INVESTIGADORES
LUPO liliana concepcion
congresos y reuniones científicas
Título:
Late Holocene landscape and climate evolution in the Sierra de Santa Victoria (NW Argentina, Jujuy) deduced from a high-Andean peat record
Autor/es:
KARSTEN SCHITECK; ANNE NIEMEYER; FABIO F. FLORES; LILIANA C. LUPO
Lugar:
Mendoza
Reunión:
Conferencia; 4th Southern Deserts Conference; 2014
Institución organizadora:
Laboratorio de Paleoecologia Humana. Universidad Nacional de Cuyo
Resumen:
High-Andean cushion peatlands are a valuable natural archive for palaeoenvironmental research. They have the quality to be very sensitive towards environmental changes and are well-suited for the application of a variety of methods that can be used for the reconstruction of palaeoclimates. The strengths of these geoarchives are their comparability over climatic gradients, their high accumulation rates and the high quality of their peat deposits to be precisely 14C-dated.   The study area lies at the northeastern margin of the arid diagonal of South America.
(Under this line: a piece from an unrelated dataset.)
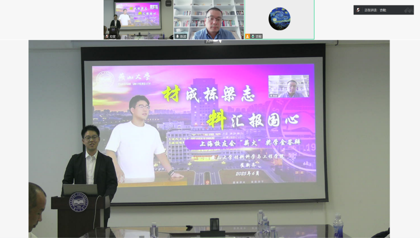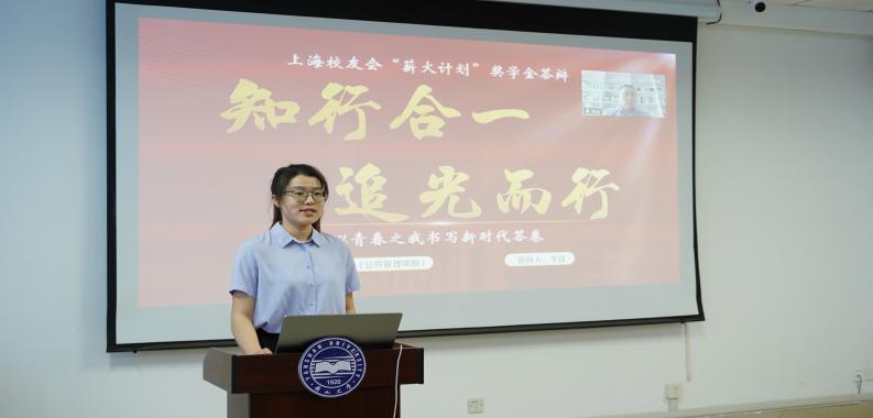 薛传佳致辞。他向北京校友会及关注母校发展、关心关爱学生成长上海校友会和广大上海校友表示感谢、致以敬意。他介绍了往届获奖学生在学术科研、实习实践、个人发展等方面取得的进一步成绩。他希望,广大在校生以校友为镜,以创新为帆,以家国为魂,将个人理想融入时代发展,让燕大“薪火”在新时代传承中绽放更耀眼的光芒。

For the reconstruction of Holocene environmental changes, a multi-proxy approach (pollen, fossil charcoal, fossil macroremains and geochemical analysis) was applied, based on extracted peat cores from a cushion peatland at 4400 m a.s.l. in the Eastern Cordillera of northwest Argentina (22° S, 65° W). The development of a pollen-vegetation dispersion model, which covers the principal phytogeographical provinces (High-Andean, Puna, Prepuna, Yungas, Chaco), is based on soil surface samples within latitudinal and altitudinal transects. The data permits the separation of representative regional, local and extralocal pollen spectra, featuring the interpretative value of ecological indicator species.   Fire has played an important role in the ecology of high-altitude Andean grassland vegetation during the past millennia. The macroscopical analysis of charred particles within the sedimentary records provided important information about changes in local past fire regimes, and hence, offered insights into reorganizations of climate and high-Andean vegetation. Prevailing cooler conditions in high-mountain areas result in a down-slope shift of vegetation belts, depending on the degree of temperature decrease and the duration and stability of the cold period.   The palaeoecologic data reflects several prominent Late Holocene climate anomalies and provides evidence that Northern Hemisphere temperature oscillations were extensive and, at the same time, affected the southward extension of moisture flux in the South American summer monsoon belt.